Griffin had previously been convicted of trespassing for his actions that day.
The historic ruling represents the first time an elected official has been removed from office for their participation or support of the U.S. Capitol riot.
Equally noteworthy, it also marks the first time a judge has formally ruled that the events of Jan. 6, 2021, were an “insurrection.”
As a result of Mathew’s ruling, Griffin is also barred from ever holding any state or federal elected position.
After the ruling was handed down, the former official professed to be “shocked” by the outcome of the case, and admitted, “I don’t know where I go from here.”
But Mathew said in his ruling that Griffin’s attempts to “sanitize his actions … amounted to nothing more than attempting to put lipstick on a pig.”
“The irony of Mr. Griffin’s argument that this court should refrain from applying the law and consider the will of the people in District 2 of Otero County who retained him as a county commissioner against a recall effort as he attempts to defend his participation in an insurrection by a mob whose goal, by his own admission, was to set aside the results of a free, fair and lawful election by a majority of the people of the entire country … has not escaped this court,” the judge wrote.
Mathew noted that Griffin and Cowboys for Trump spent “months normalizing the violence that may be necessary to keep President Trump in office” and urging supporters to travel to Washington, D.C., on Jan. 6.
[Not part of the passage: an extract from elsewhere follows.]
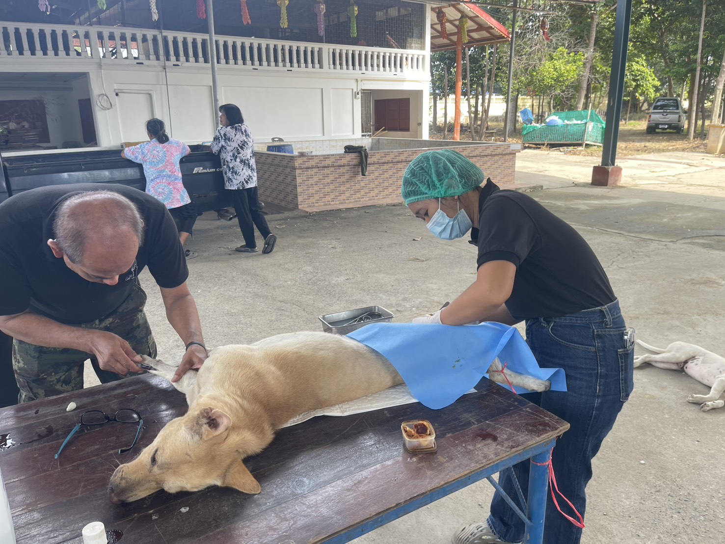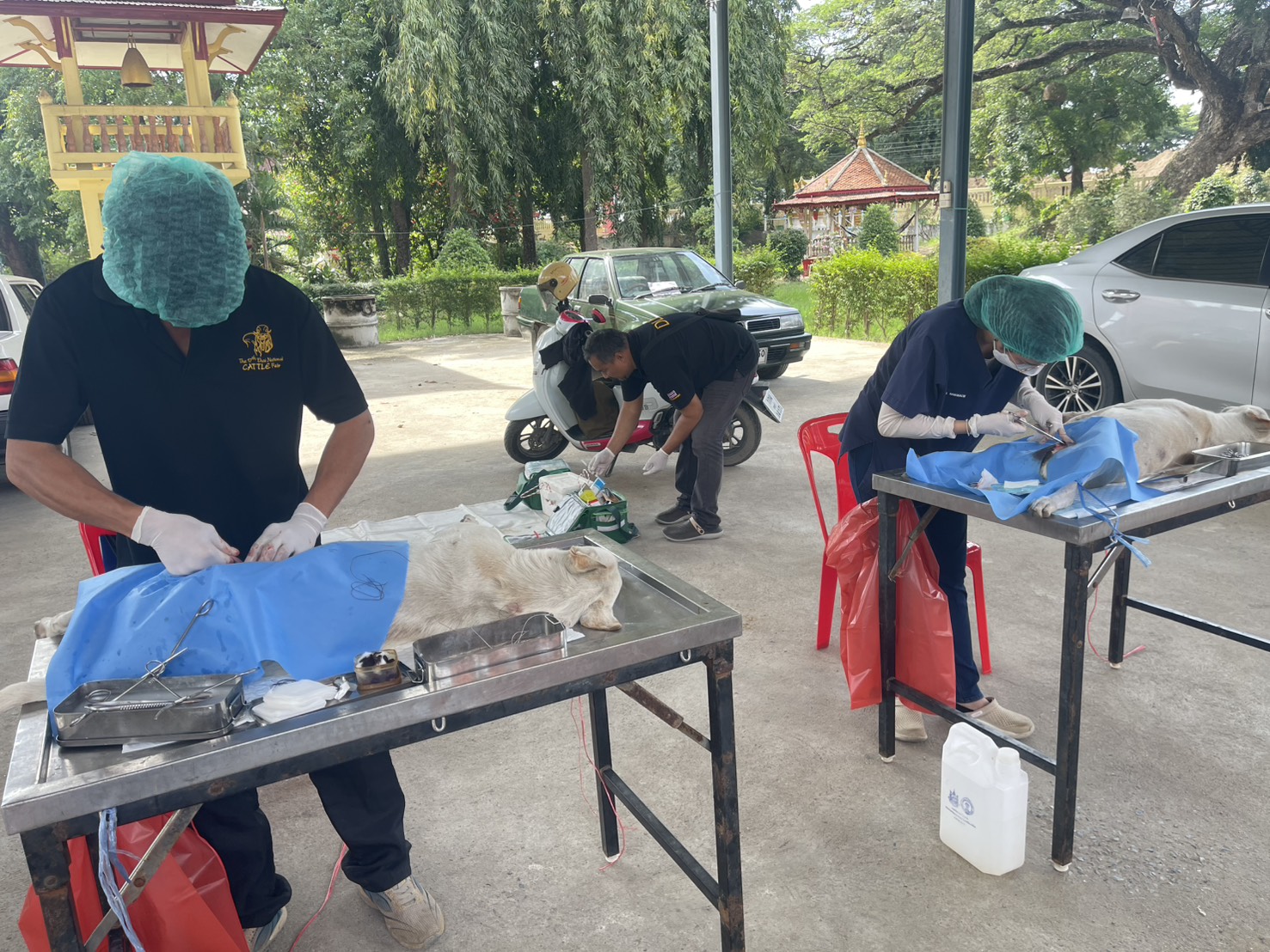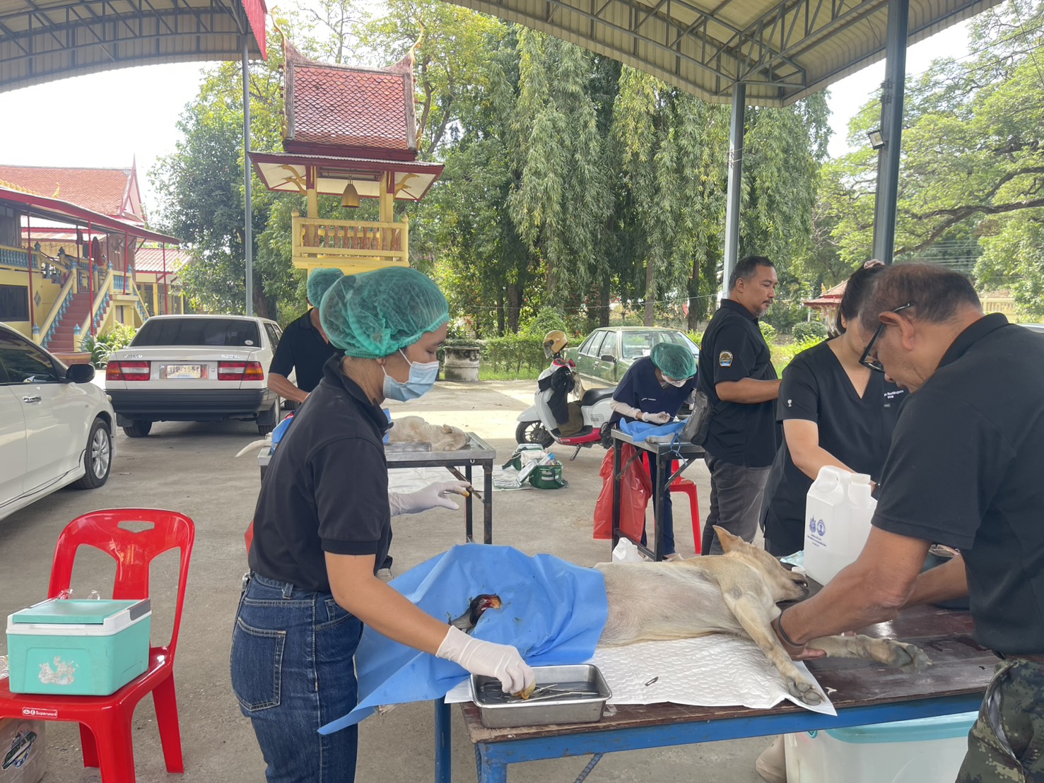 วันพุธที่ 26 พฤศจิกายน 2568 นายวิเชียร จารุเพ็ง ปศุสัตว์จังหวัดอ่างทอง ได้มอบหมายให้เจ้าหน้าที่ กลุ่มพัฒนาสุขภาพสัตว์ สำนักงานปศุสัตว์จังหวัดอ่างทอง, เจ้าหน้าที่สำนักงานปศุสัตว์อำเภอไชโย ออกหน่วยสัตวแพทย์เคลื่อนที่ผ่าตัดทำหมันสุนัขและแมว ณ วัดไชยภูมิ ต.ไชยภูมิ อ.ไชโย จ.อ่างทอง พร้อมทั้งฉีดวัคซีนป้องกันโรคพิษสุนัขบ้า และทำหมันสุนัขและแมวในพื้นที่

Section 3 of the 14th Amendment, also known as the disqualification clause, bars any person from holding federal or state office who took an “oath … to support the Constitution of the United States” as an “officer of any state” and then “engaged in insurrection or rebellion” or gave “aid or comfort” to insurrectionists. Griffin, an Otero County commissioner since January 2019, took an oath to “support and uphold the Constitution and laws of the state of New Mexico, and the Constitution of the United States.”
“This is a historic win for accountability for the Jan. 6 insurrection and the efforts to disrupt the peaceful transfer of power in the United States. Protecting American democracy means ensuring those who violate their oaths to the Constitution are held responsible,” said CREW President Noah Bookbinder. “This decision makes clear that any current or former public officials who took an oath to defend the U.S. Constitution and then participated in the Jan. 6 insurrection can and will be removed and barred from government service for their actions.”
Under New Mexico law, any private citizen of the state may file a lawsuit to remove a disqualified county official from office.
A group of New Mexico residents were represented in this case by Citizens for Responsibility and Ethics in Washington and the New Mexico-based law firms of Freedman Boyd Hollander and Goldberg, P.A., Dodd Law Office, LLC, and the Law Office of Amber Fayerberg, LLC, as well as by Cohen Milstein Sellers & Toll PLLC.
“Judge Mathew’s decision is fully supported by the facts and … law and justice achieve a needed measure of accountability,” said Freedman Boyd Hollander and Goldberg, P.A., Partner Joe Goldberg.